Task prompt » If pictures appear in the lines below, skip them and copy exactly the lines from the one containing "Departamento Municipal de" through the one containing "除秒送在首頁有2個關(guā", and nothing else.

Excerpted records »
•••

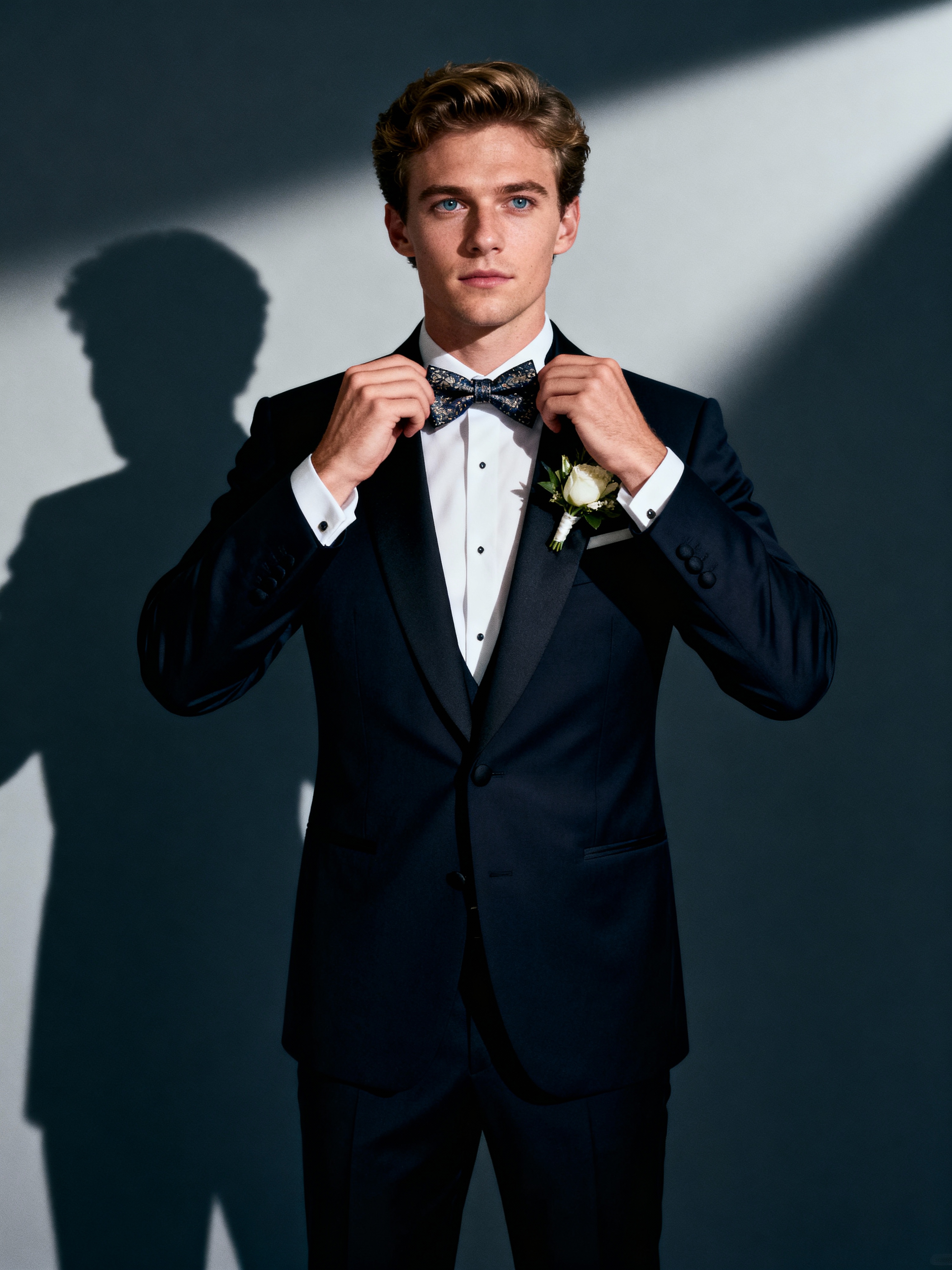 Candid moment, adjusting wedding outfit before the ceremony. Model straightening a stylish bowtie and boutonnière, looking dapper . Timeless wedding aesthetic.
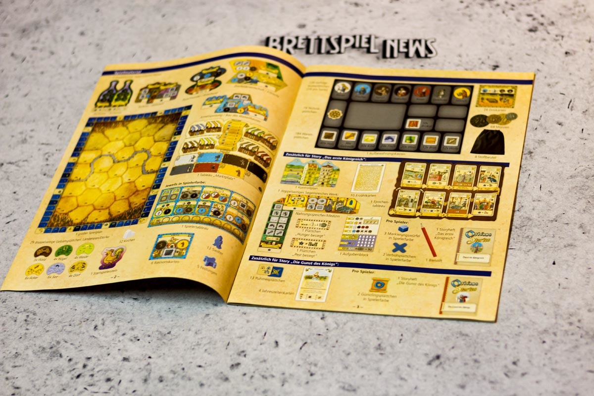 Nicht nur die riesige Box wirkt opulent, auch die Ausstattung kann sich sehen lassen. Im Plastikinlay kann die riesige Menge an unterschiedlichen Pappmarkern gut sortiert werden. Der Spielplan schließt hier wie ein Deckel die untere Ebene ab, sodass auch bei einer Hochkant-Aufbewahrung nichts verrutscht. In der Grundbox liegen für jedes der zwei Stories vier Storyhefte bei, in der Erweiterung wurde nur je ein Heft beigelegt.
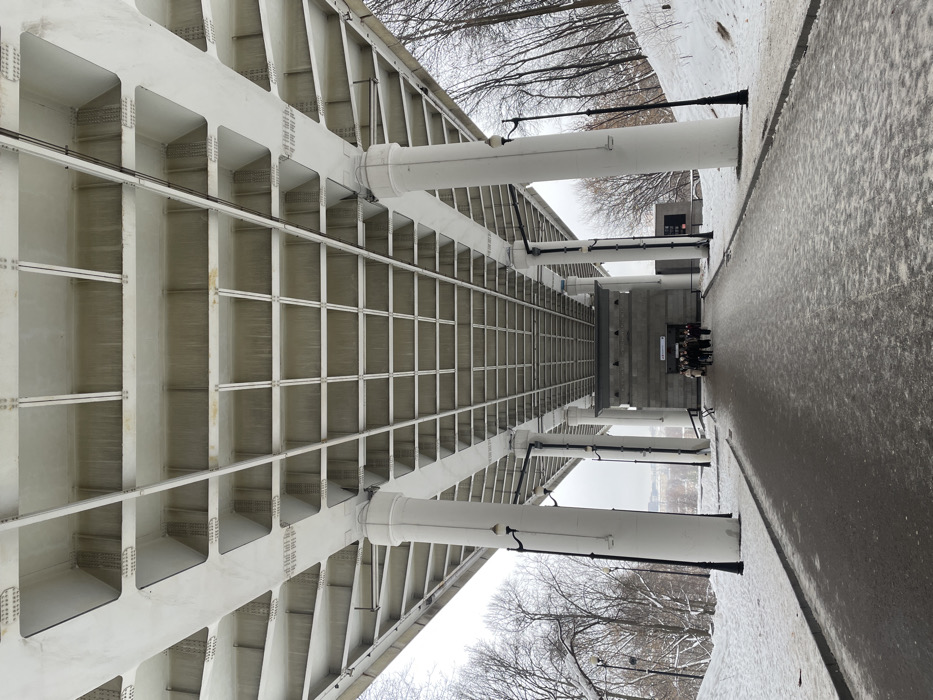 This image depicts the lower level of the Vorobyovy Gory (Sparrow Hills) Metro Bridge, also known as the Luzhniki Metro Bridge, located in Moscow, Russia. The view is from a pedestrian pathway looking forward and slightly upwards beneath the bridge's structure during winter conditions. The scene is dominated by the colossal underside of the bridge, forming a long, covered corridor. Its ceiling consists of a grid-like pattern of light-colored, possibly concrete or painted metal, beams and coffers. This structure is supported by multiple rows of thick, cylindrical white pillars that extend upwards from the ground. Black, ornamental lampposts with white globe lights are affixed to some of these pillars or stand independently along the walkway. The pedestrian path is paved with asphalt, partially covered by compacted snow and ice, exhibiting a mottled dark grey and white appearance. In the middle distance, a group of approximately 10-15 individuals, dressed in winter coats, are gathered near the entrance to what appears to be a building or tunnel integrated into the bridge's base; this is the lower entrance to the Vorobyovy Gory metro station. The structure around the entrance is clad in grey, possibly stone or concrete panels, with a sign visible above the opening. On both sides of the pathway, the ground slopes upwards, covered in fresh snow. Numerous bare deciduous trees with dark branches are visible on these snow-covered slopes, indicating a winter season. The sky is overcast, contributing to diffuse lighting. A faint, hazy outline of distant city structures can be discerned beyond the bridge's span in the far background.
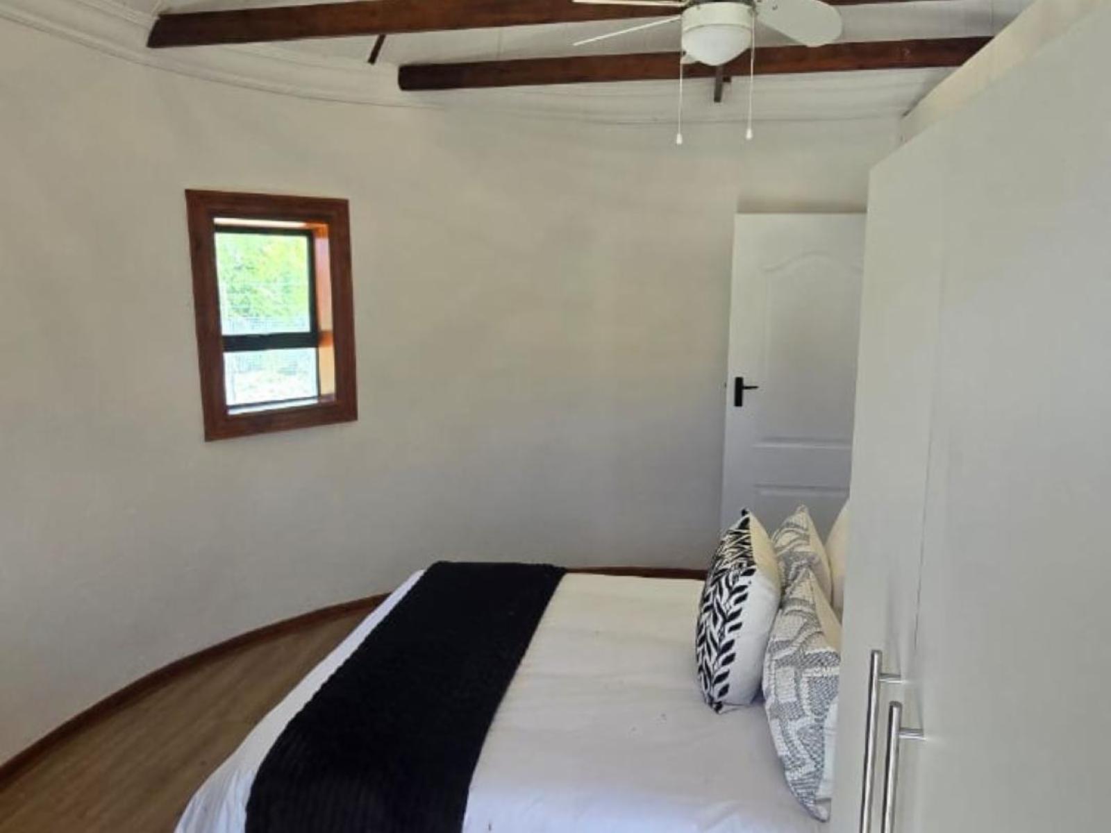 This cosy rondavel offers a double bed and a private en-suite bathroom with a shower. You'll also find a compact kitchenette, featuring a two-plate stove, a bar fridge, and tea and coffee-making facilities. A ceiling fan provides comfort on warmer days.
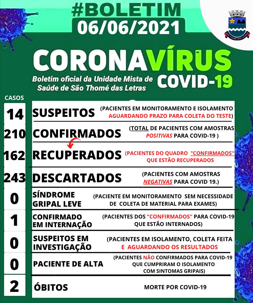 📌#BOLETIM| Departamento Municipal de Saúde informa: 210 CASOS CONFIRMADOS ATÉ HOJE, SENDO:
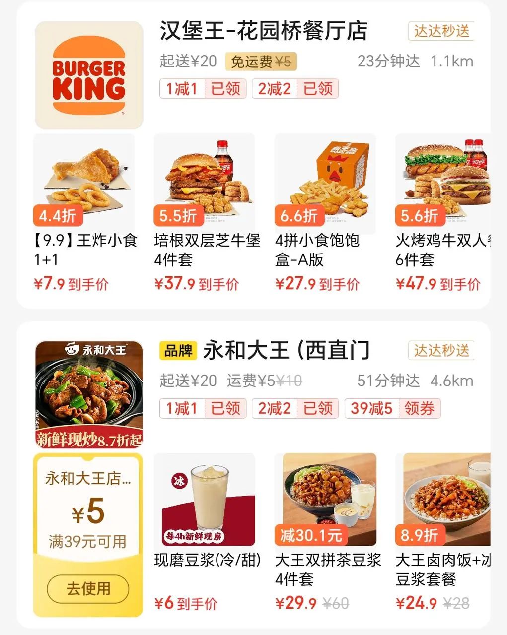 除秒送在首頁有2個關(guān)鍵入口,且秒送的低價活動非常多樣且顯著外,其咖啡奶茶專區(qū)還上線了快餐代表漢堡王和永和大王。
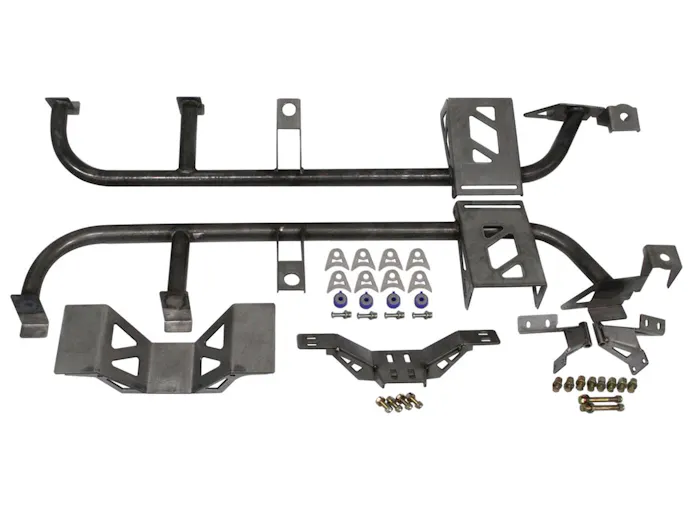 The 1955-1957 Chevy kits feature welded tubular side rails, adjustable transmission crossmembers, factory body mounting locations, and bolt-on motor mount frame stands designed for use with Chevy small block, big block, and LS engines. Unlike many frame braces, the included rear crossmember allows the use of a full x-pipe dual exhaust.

•••

Your response »
 📌#BOLETIM| Departamento Municipal de Saúde informa: 210 CASOS CONFIRMADOS ATÉ HOJE, SENDO:
 除秒送在首頁有2個關(guān)鍵入口,且秒送的低價活動非常多樣且顯著外,其咖啡奶茶專區(qū)還上線了快餐代表漢堡王和永和大王。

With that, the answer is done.